Anal. calc'd. for C 24 H 34 N 4 O 5 .0.8H 2 O: C, 60.93; H, 7.59; N, 11.84. Found: C, 60.93; H, 7.40; N, 11.89.
EXAMPLE 4
1-[[Methyl[(S)-3-[[(4-methyl-1-piperazinyl)carbonyl]amino]-2-oxo-4-phenylbutyl]amino]carbonyl]-L-proline, dihydrochloride
(a)
1-[[Methyl[(S)-3-[[(4-methyl-1-piperazinyl)carbonyl]amino]-2-oxo-4-phenylbutyl]amino]carbonyl]-L-proline, phenylmethyl ester
N-Methyl piperazine (1 ml., 9.0 mmole) is added to a cooled (0°) solution of 1-[[[(S)-3-[[(4-nitrophenoxy)carbonyl]amino]-2-oxo-4-phenylbutyl]methylamino]carbonyl]-L-proline, phenylmethyl ester (1.06 g., 1.8 mmole) in toluene (20 ml.) in an ice bath in one portion. The resulting solution is stirred for an additional 45 minutes as it warms to room temperature. The solution is washed sequentially with water and 10% sodium bicarbonate, dried (MgSO 4 ), and concentrated. The crude product is chromatographed on LPS-1 silica gel eluting with a solution of ethyl acetate:pyridine:acetic acid:water (300:20:6:11→100:20:6:11). Fractions containing the desired product are combined and concentrated to give 0.3 g. of 1-[[methyl[(S)-3-[[(4-methyl-1-piperazinyl)carbonyl]amino]-2-oxo-4-phenylbutyl]amino]carbonyl]-L-proline, phenylmethyl ester; TLC (silica gel; ethyl acetate:pyridine:acetic acid:water, 100:20:6:11) R f =0.26.
(b)
1-[[Methyl[(S)-3-[[(4-methyl-1-piperazinyl)carbonyl]amino]-2-oxo-4-phenylbutyl]amino]carbonyl]-L-proline, dihydrochloride
A solution of the phenylmethyl ester product from part (a) (0.3 g., 0.54 mmole) in methanol (20 ml.) is hydrogenated for one hour at room temperature and atmospheric pressure using palladium hydroxide as catalyst. The resulting mixture is filtered and concentrated to a yellow oil.

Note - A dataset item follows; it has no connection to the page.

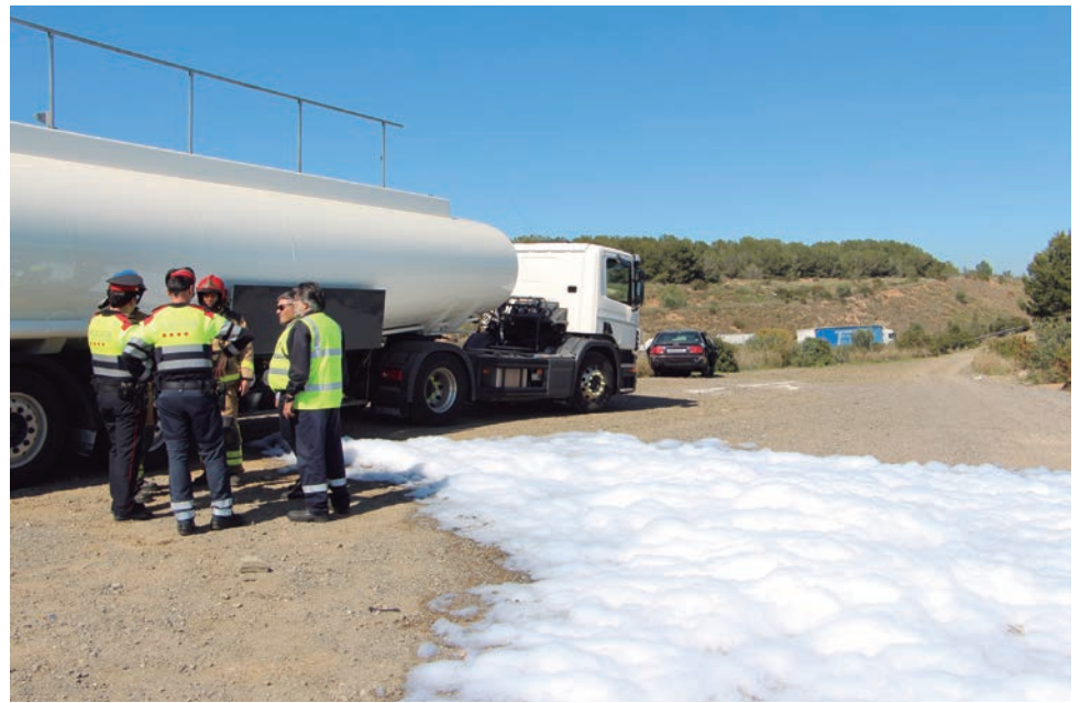
Quatre imatges del que es va viure en el simulacre per activar el TRANSCAT i el DUPROCIM en el desdoblament de l'N-340.

Protecció Civil de la Generalitat i l'Ajuntament d'Altafulla van organitzar el passat 17 d'abril a la tarda un simulacre d'accident entre un camió de transport de mercaderies perilloses de l'empresa Transquality que va xocar frontalment amb un turisme a l'N-340 al punt quilomètric 1.175, al nord d'Altafulla, a l'entorn del camí de servei cap a Torredembarra. A conseqüència de l'accident es va activar el Pla especial d'emergències per accidents en el transport de mercaderies perilloses per carretera i ferrocarril a Catalunya TRANSCAT, així com el DUPROCIM o Document únic de protecció civil municipal del municipi d'Altafulla en el que s'inclouen els plans d'actuació municipal i els plans específics municipals d'Altafulla. Precisament Altafulla és l'únic municipi de la demarcació de Tarragona que té aprovat el DUPROCIM.

The crude product is dissolved in water and washed with ether, ethyl acetate, and chloroform. The aqueous layer is treated with 1N hydrochloric acid (0.5 ml.) and chromatographed on HP-20 using a 0.01N hydrochloric acid:methanol (100→0%) gradient. Fractions containing the desired product are combined, concentrated and lyophilized to give 0.042 g. of 1-[[methyl[(S)-3-[[(4-methyl-1-piperazinyl)carbonyl]amino]-2-oxo-4-phenylbutyl]amino]carbonyl]-L-proline, dihydrochloride as a bright yellow solid; m.p. (95) 101°-106°; [α] D =-16° (c=0.4, methanol). TLC (silica gel; n-butanol:acetic acid:water:ethyl acetate, 1:1:1:1) R f =0.37.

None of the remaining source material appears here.